The Stanford professor, six years before, had been wrong. Someone besides extraterrestials and gods could appreciate her work. She now knew why she had been brought up from Vandenberg, carried to the Stone by shuttle and OTV.

The asteroid was longer on the inside than it was on the outside.

The seventh chamber went on forever.

The main character who the story initially follows, and the subject of that quote, is Patricia Luisa Vasquez, a physicist who’s brought in on the top-secret project to study “The Stone” after it’s discovered that it came from a possible future in which Russia touched off a nuclear world war… and, if not prevented, it’s only weeks away.
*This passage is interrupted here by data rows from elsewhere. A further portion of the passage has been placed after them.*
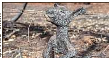
Capture écran Facebook
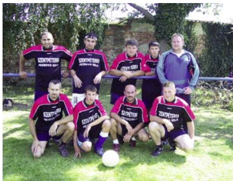
„Szolgálunk és védünk” 2. helyezett
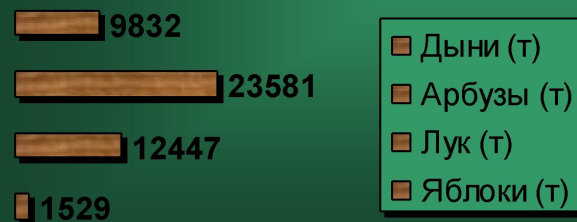
Статистика товарооборота за 2007 год
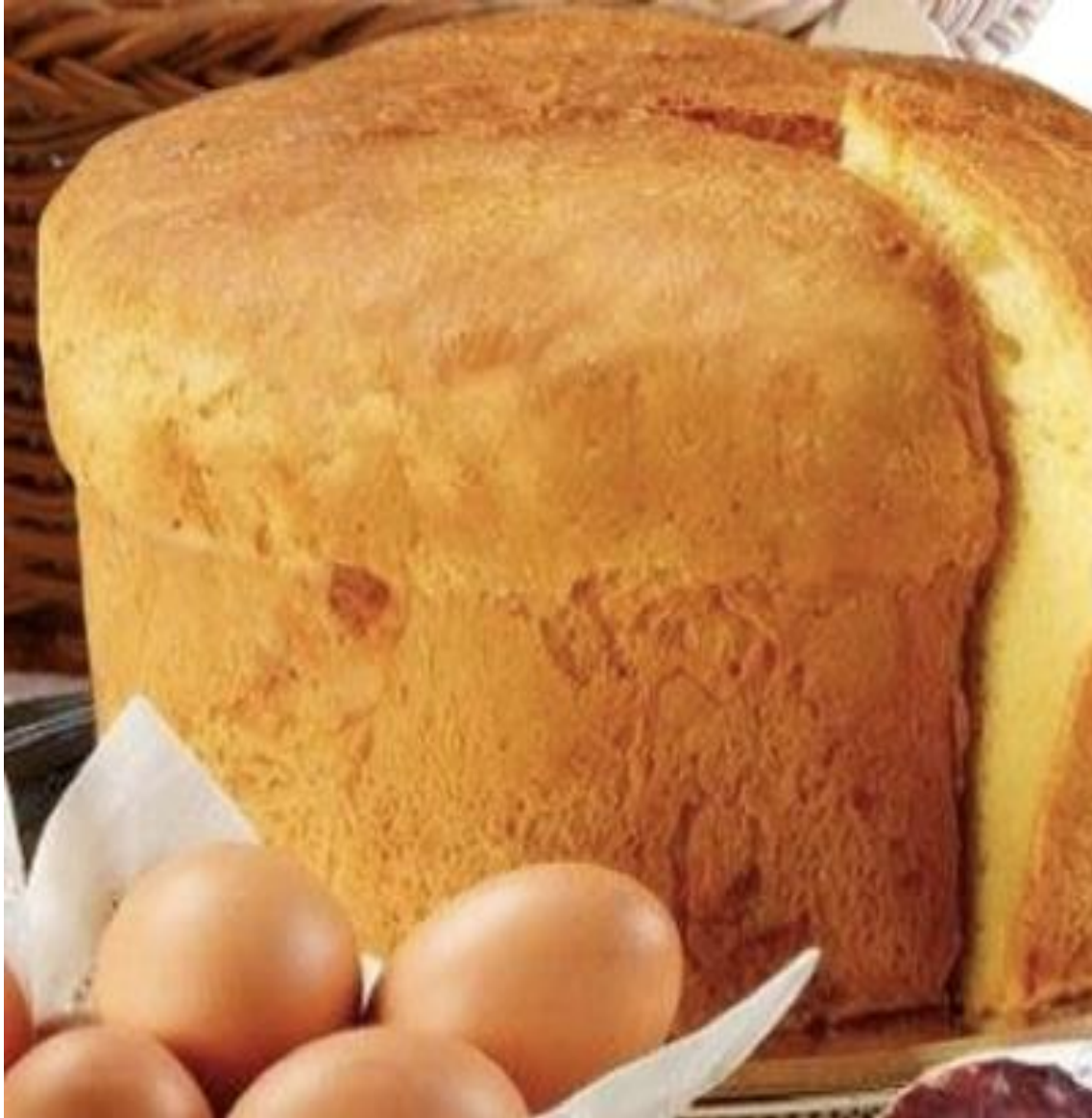
PIZZA PASQUALE DI FORMAGGIO
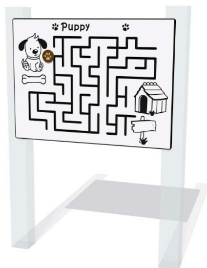
panneau standard : sans texte

Conçu selon la norme EN 1176, mais en fait cette norme n'est pas applicable sur des panneaux.
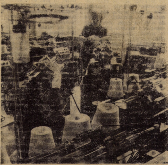
Mășini de bază din secția fricotat mînuși — utilaje complexe cu ajutorul cărora se obține azi o gamă variată de modele, cerută de beneficiarii întreprinderii de tricotaie Agnita
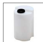
Stockage du dépôt-dosage
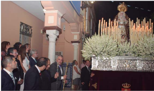
Saludo institucional al paso de la procesión por el Ayuntamiento.
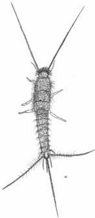
Figur 1. Ctenolepisma longicaudata Escherich, 1905. Illustration: Urban Wahlstedt

ma resultat men har oprecisa artbeskrivningar.
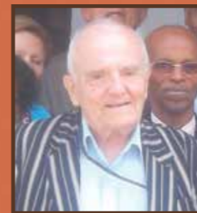
Hommage à Jean Lemerle

(POUR PLUS DE RENSEIGNEMENTS SITE WWW.GFAOP.ORG)
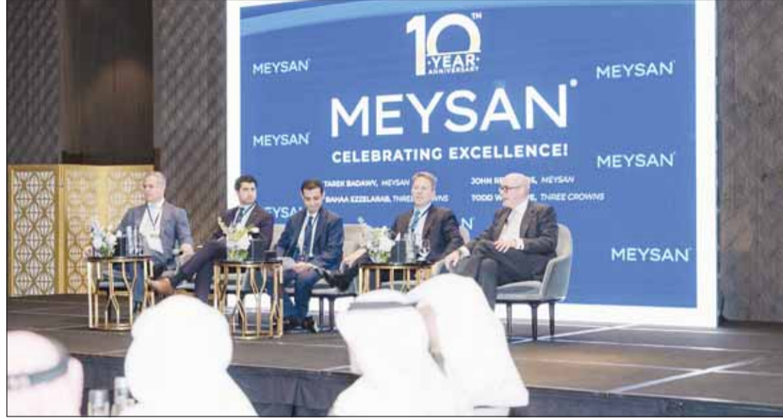
جانب من الندوة التي أقيمت على هامش الاحتفالية

نمتلك رؤية وخطة عشرية للتوسع المحسوب واستقطاب أفضل الكفاءات
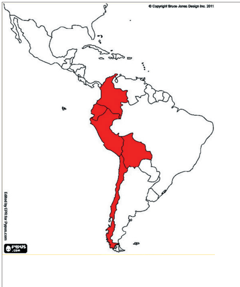
Figura 4 Países de Iberoamérica donde sucedieron graves conflictos entre 2019-2023
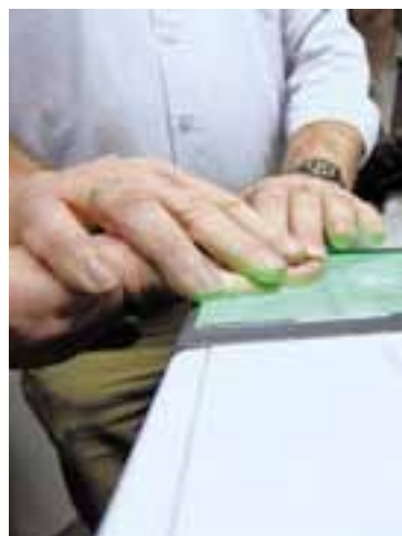
Abnahme von Fingerabdrücken mit einem neuen elektronischen Gerät.

Gerade in Südhessen tummeln sich wegen der Nähe zu den Autobahnen besonders viele zwielichtige Gestalten, wie Treusch
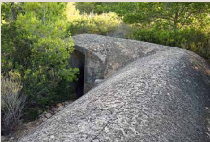
Bateria de costa en la Venta del "Burro" de Denia.
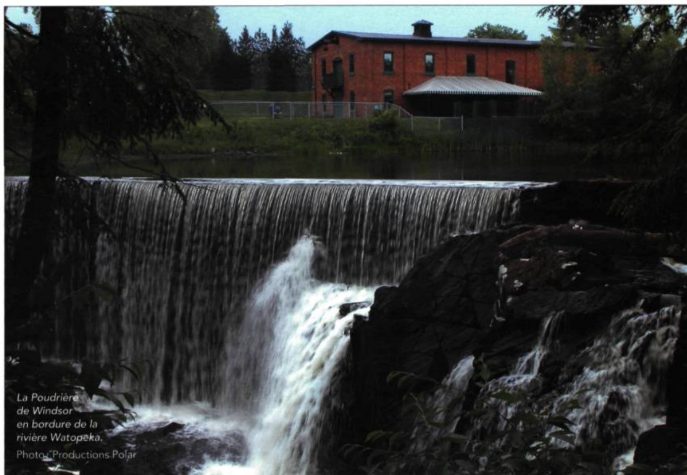
La Poudrière de Windsor en bordure de la rivière Watoupeka.

On n'imagine pas découvrir un patrimoine industriel d'intérêt à l'intersection de deux routes de gravier ou à l'entrée d'un village. Les éléments les plus spectaculaires sont généralement urbains. La campagne n'est pourtant pas en reste. Dans le Val-Saint-François, des témoins significatifs et originaux du passé industriel animent le paysage.
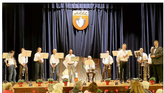
Der Posaunenchor sorgte für musikalische Stimmung.
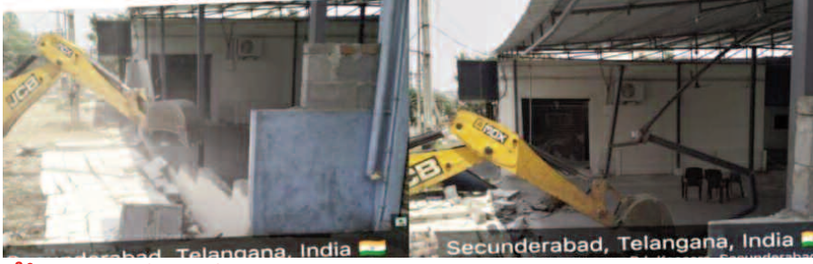
డిసీ వసంత ఆదేశాలతో టౌన్ ప్లానింగ్ విభాగం కఠిన చర్యలు.

కీసర సర్కిల్, ఏప్రిల్ 15 (మనం న్యూస్): కీసర సర్కిల్ పరిధిలో అక్రమంగా నిర్మించిన షెడ్లపై అధికారులు ఉక్కుపాదం మోచారు. కీసర పోలీస్ స్టేషన్ ప్రధాన రహదారి ప్రక్కన, అంబేద్కర్ నగర్ రోడ్డు పెట్రోల్ పంపుకు సమీపంలో ఎలాంటి అనుమతులు లేకుండా నిర్మించిన రేకుల షెడ్లను టౌన్ ప్లానింగ్ అధికారులు కూల్చివేశారు.
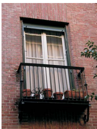
Rodríguez San Pedro, 70. a jardín

That said, I don’t want you to think that it’s some kind of political thriller. The story’s central focus is very much one of mystery, focused heavily on the question of what the infinite seventh chamber is and how it was built, with a chapter every so often switching to the perspective of a character from the civilization that built the Stone who is secretly investigating the main cast.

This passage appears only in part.